CMOS-compatible multiple-wavelength oscillator for on-chip optical interconnects

Silicon photonics enables the fabrication of on-chip, ultrahigh-bandwidth optical networks that are critical for the future of microelectronics1,2,3. Several optical components necessary for implementing a wavelength division multiplexing network have been demonstrated in silicon. However, a fully integrated multiple-wavelength source capable of driving such a network has not yet been realized. Optical amplification, a necessary component for lasing, has been achieved on-chip through stimulated Raman scattering4,5, parametric mixing6 and by silicon nanocrystals7 or nanopatterned silicon8. Losses in most of these structures have prevented oscillation. Raman oscillators have been demonstrated9,10,11, but with a narrow gain bandwidth that is insufficient for wavelength division multiplexing.
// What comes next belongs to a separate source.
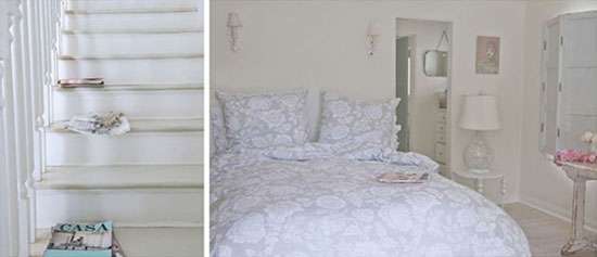 白色木樓梯上隨意地擺著幾本雜志,彰顯著不拘一格的生活態度。經樓梯來到樓上的客臥,風格一貫簡潔優雅,帶有印花的白色床品顯得更加別致。
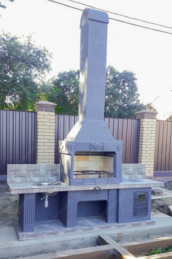 Барбекю-комплекс сделан из армированного огнеупорного бетона с добавлением керамзита.

Here, we demonstrate the first monolithically integrated CMOS-compatible source by creating an optical parametric oscillator formed by a silicon nitride ring resonator on silicon. The device can generate more than 100 new wavelengths with operating powers below 50 mW. This source can form the backbone of a high-bandwidth optical network on a microelectronic chip. A monolithically integrated CMOS-compatible source is demonstrated using an optical parametric oscillator based on a silicon nitride ring resonator on silicon. Generating more than 100 wavelengths simultaneously and operating at powers below 50 mW, scientists say that it may form the basis of an on-chip high-bandwidth optical network.